A number I didn’t recognize was flashing on the screen. Finally, after all the struggle, the years of dreaming, the scene study classes, the movement classes, the voice and speech work, my efforts were about to pay off. I had landed my first real acting job.

Was it a role in a Martin Scorsese film? A guest spot on “Seinfeld”? Not quite. My first acting job was in a sex education video for mental health patients. Yep, you read that right. Not quite the career milestone I’d imagined during my formative years in acting school, but it was a start. Finally.

The scene was shot in an apartment bathroom. I wore my own clothes and did my own makeup. I played a girl preparing to go on a date. While getting ready, my older sister entered the bathroom, and we exchanged the following riveting dialogue:

SISTER: Wow, you’re spending a lot of time getting ready. You must really like this guy.
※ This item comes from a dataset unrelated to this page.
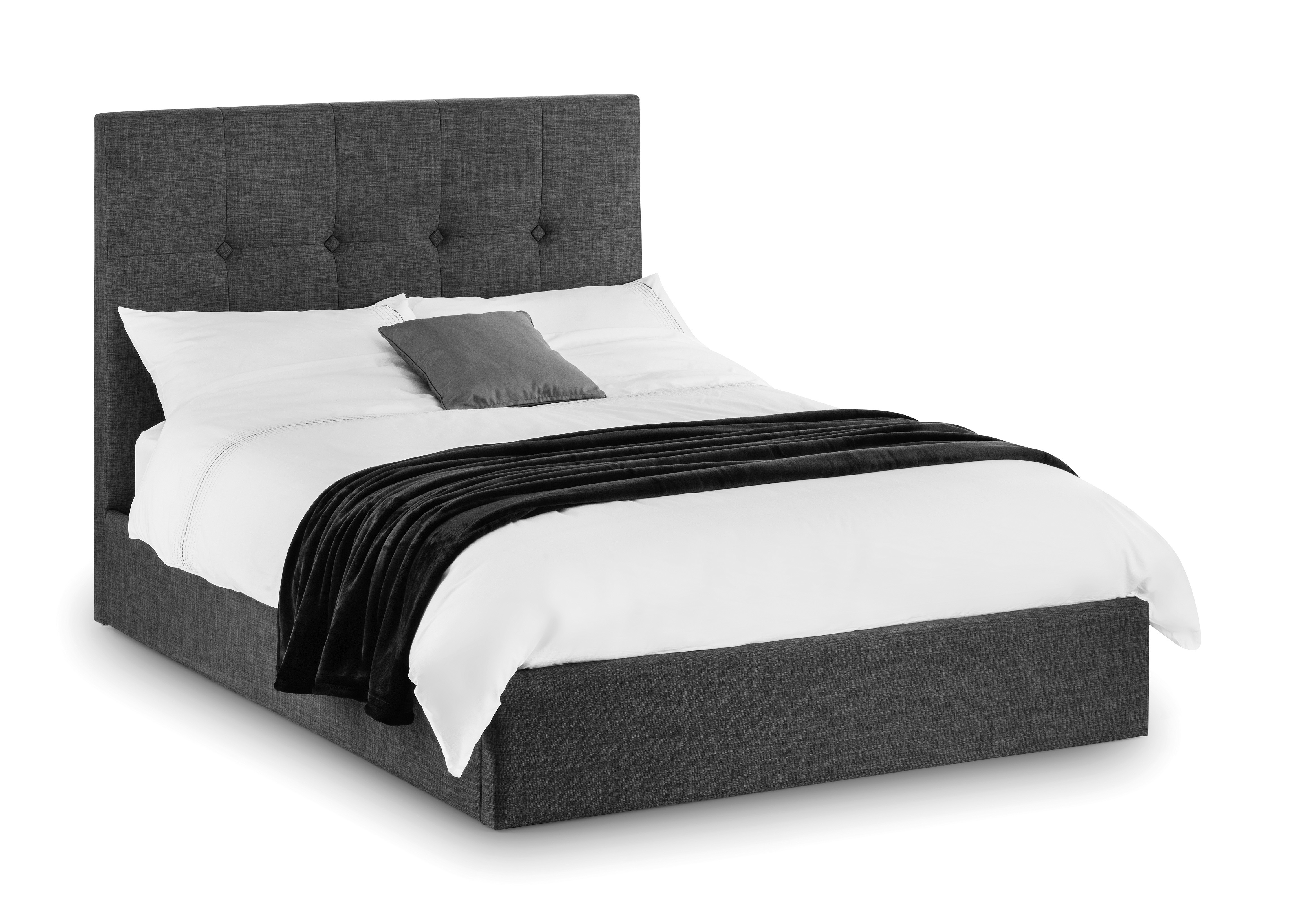 Sorrento king size lift-up storage bed is a stunning choice with a beautifully upholstered frame in a sophisticated slate grey linen. With a contemporary style and immaculately finished with diamond shaped feature buttoning which makes an impressive style statement. While a gas-powered lift-up Ottoman offers a fantastic amount of storage space. A sprung slatted base ensures a good night's sleep and prolonged mattress life. Size: D214.5 x W161 x H121cm Mattress sold separately.

Are you bringing protection?

ME: Protection? Protection from what?

SISTER: If you plan to become sexually active, you’ll need protection from pregnancy and sexually transmitted diseases.

Apparently my character had never spent much time in this bathroom, because at this point, the sister opened a drawer and revealed every type of contraceptive device ever invented (even an IUD, which actually has to be implanted by a gynecologist).

She held up each one and described how it worked, while I listened very earnestly and nodded my head. Then, at the end, I got to say, “Thanks, Sis! I’m glad I know how to protect myself.”

We shot the scene in two hours. I was paid $100.

Not much changed after this masterpiece. I saw it. I was fine. I was told it was shown to mental health patients upon their release from the hospital. It was good tape for my reel.

I went back to the grind, struggling in odd jobs to support the occasional audition. (Yes, I finally had gotten a fresh battery for my pager!) There were more milestones to keep me going. Getting my first callback, my first agent, my union card. Until I was eventually working steadily.

But I’ll never forget “Protection? Protection from what?” It’s not beautiful; two questions, four words. But it was important to me; it gave me the courage to keep going, to stay in Los Angeles and chase my dream.

Until eight years later, when I eventually got to say a line that would change my life forever: “Dunder Mifflin, this is Pam.”